The post-war enrollment boom brought new student demands for more, better and bigger facilities: more residence halls, expanded library space, bigger classroom buildings – and more than anything else, a place for students to gather.
Two decades earlier, an enterprising young man named Jim Lundberg had planned and built on the river bank across the bridge a “handy and pleasant eating establishment” known as Jimmie’s Tea Room. From the time it opened in 1940, Jimmie’s was the place to be for a hamburger, Coke, and conversation. At the end of the war, the university purchased the building, renamed it the College Tea Room, and enlarged it into a student union where dancing and other activities were possible.
Yet the huge influx of new post-war students quickly made it clear that NIU had outgrown the Tea Room.

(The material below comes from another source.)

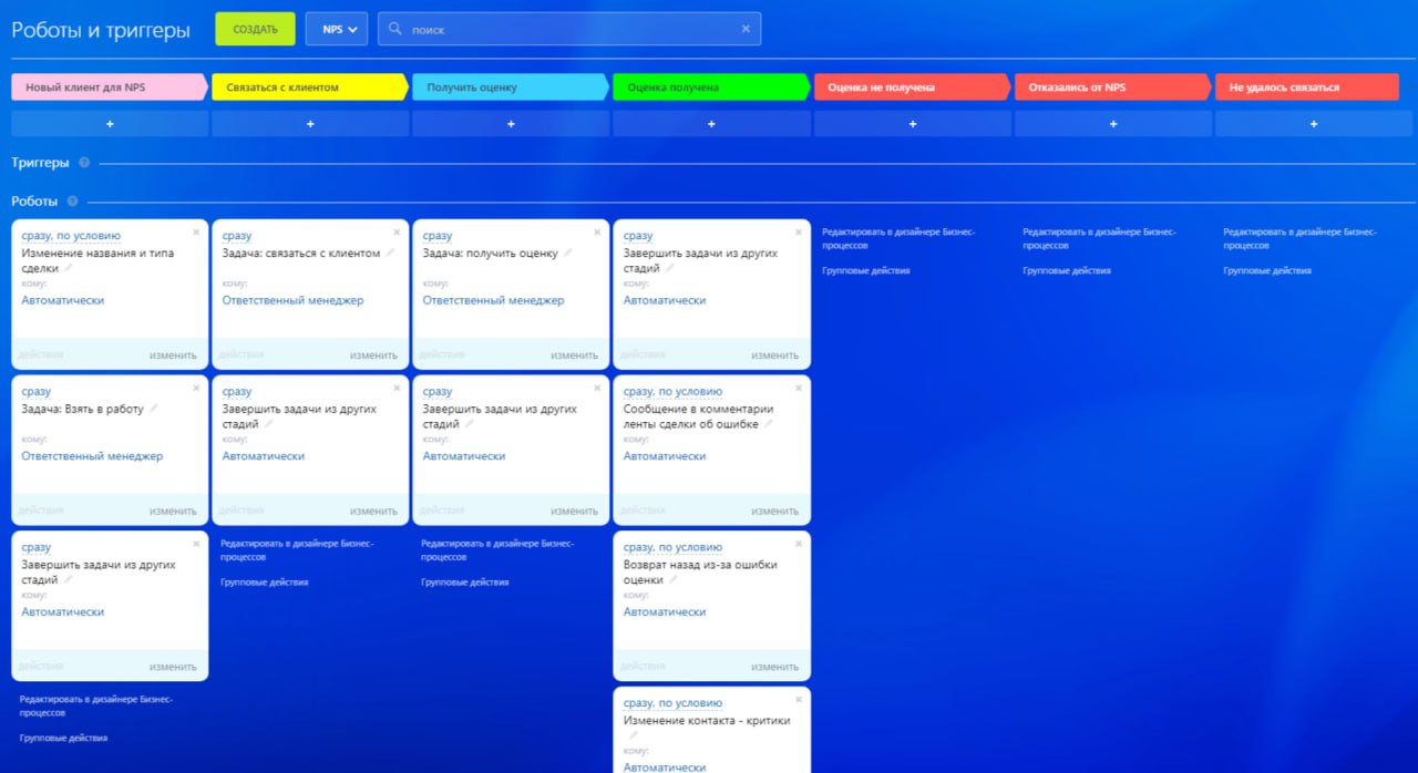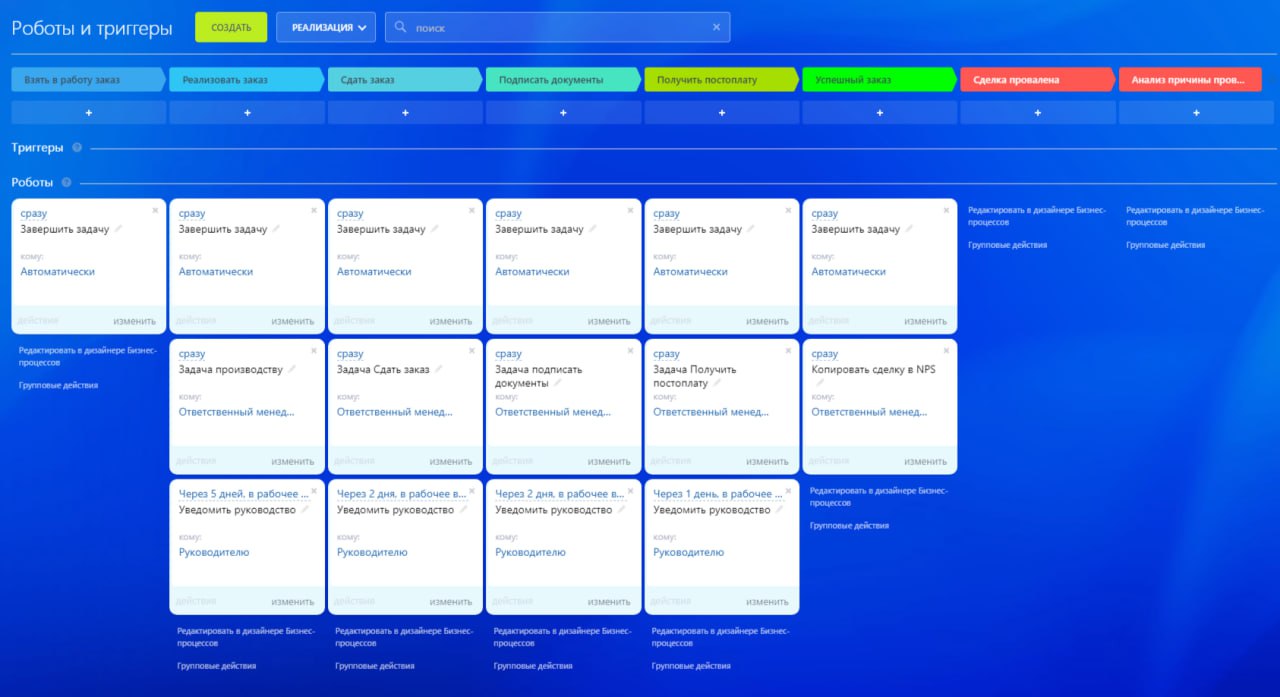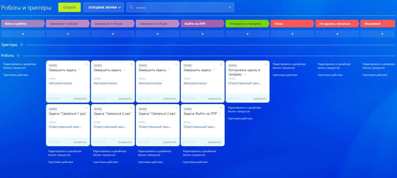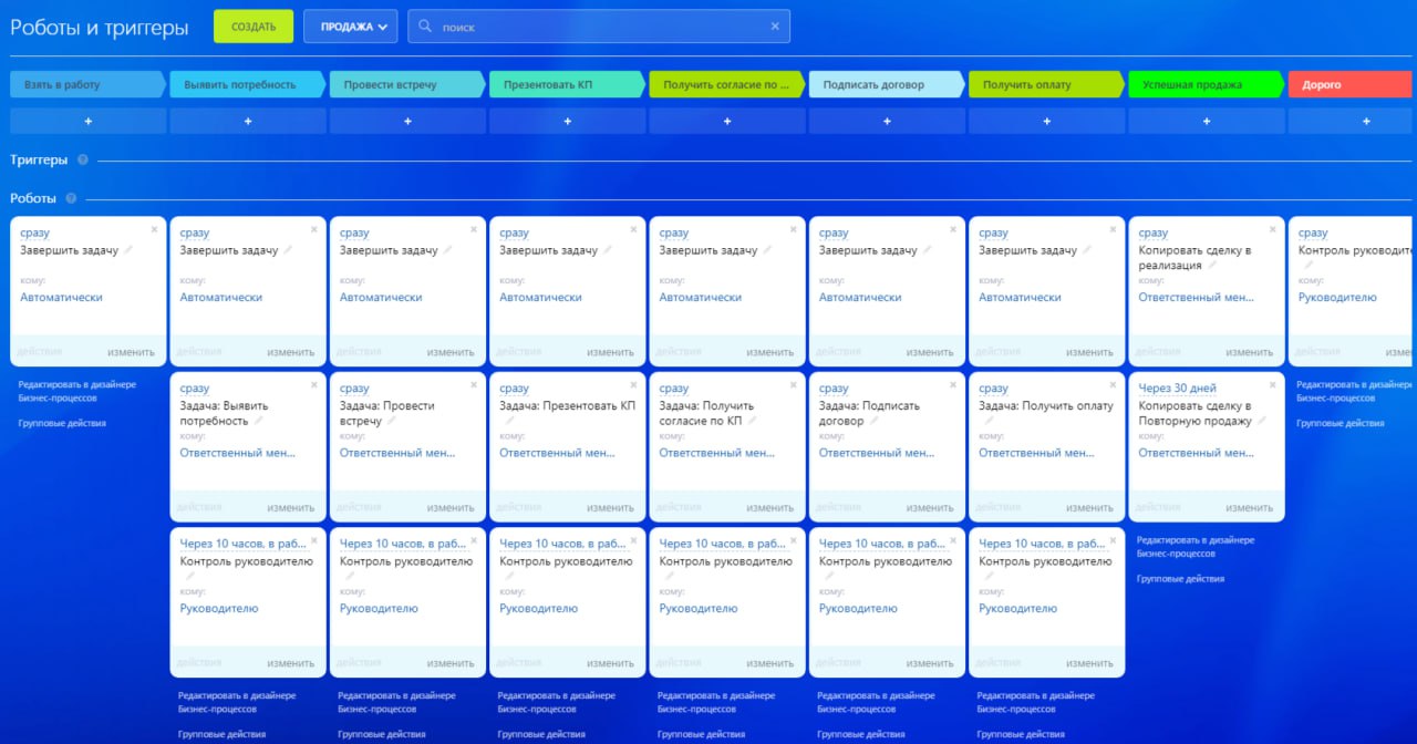 В нашей CRM уже настроены роботы, которые автоматически ставят задачи менеджерам при работе со сделками и лидами. Это помогает оптимизировать рабочий процесс и повысить производительность сотрудников.

President Holmes empaneled a university center committee whose members began planning a facility that could accommodate an enrollment of at least 10,000.
The center was to be a “center for the community life of the college,” “a hearthstone,” and a unifying force that would hold the university together as it grew larger. A University Center Board was created to administer the many programs aimed at satisfying cultural, social and aesthetic needs of the university community.

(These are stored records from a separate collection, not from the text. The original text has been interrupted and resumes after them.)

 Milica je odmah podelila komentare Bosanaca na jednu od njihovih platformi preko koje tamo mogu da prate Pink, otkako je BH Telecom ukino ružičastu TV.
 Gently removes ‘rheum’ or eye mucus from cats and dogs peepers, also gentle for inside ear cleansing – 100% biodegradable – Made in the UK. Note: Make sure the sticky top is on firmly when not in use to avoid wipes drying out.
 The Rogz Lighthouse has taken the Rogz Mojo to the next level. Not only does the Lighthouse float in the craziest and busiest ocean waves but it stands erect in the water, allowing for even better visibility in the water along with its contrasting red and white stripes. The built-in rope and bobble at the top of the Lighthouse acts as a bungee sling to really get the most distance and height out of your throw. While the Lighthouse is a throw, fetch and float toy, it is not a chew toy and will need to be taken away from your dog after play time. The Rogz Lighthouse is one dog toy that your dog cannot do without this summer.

When the University Center opened in 1962, the local paper reported on “the swank Pheasant Room,” “plush faculty lounge,” and the president’s “penthouse suite.”

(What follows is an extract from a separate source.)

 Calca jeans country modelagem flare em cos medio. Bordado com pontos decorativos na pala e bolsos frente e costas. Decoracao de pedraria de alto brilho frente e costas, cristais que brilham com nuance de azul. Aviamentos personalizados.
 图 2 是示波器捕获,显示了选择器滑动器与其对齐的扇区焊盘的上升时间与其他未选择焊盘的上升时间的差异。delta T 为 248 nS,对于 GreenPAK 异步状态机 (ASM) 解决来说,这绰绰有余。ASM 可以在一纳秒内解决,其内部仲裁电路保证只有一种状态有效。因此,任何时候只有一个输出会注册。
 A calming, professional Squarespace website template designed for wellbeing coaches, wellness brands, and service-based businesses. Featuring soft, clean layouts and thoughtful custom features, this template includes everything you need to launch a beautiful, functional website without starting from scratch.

The Center was a hit with students, who now had a place to relax in lounges, have fun in bowling alleys, meet friends in the cafeteria, hear speakers in the auditorium and see performers in the ballroom.
So popular was the facility that its size was doubled within a few years, and a 15-story tower added, creating the campus’s most noticeable landmark. On May 21, 1968, the addition — with the showcase Carl Sandburg Auditorium — was dedicated as part of President Rhoten Smith’s week-long inauguration celebration. Speakers included Sandburg’s granddaughter and Chicago legend Studs Terkel.
Students lobbied for additional services at the Center, and eventually the Board voted to permit the inclusion of a university-owned bookstore, and in later years allowed private partners such as fast food franchises.
In 1974, the Board voted to name NIU’s most popular gathering place in honor of Leslie A. Holmes, the president whose persistence had made it a reality. But other than the new name, not much changed at the Holmes Student Center for more than half a century.
Finally in 2018, a long-awaited renovation began that completely reimagined the entire first floor, adding two new restaurants, a Starbucks coffee shop, a new bookstore and offices for key student organizations. Thousands of square feet of new space is devoted to places where students can lounge, study and collaborate.
During warmer weather, the patio area outside of the newly created ground-level entrance extends the lounge space outdoors. That entryway also reflects changes aimed at making the entire ground floor accessible to people with disabilities, as do two new elevators and ramps throughout.
As the HSC approaches its 60th birthday, it has been given new life as a modern hearthstone for a new generation.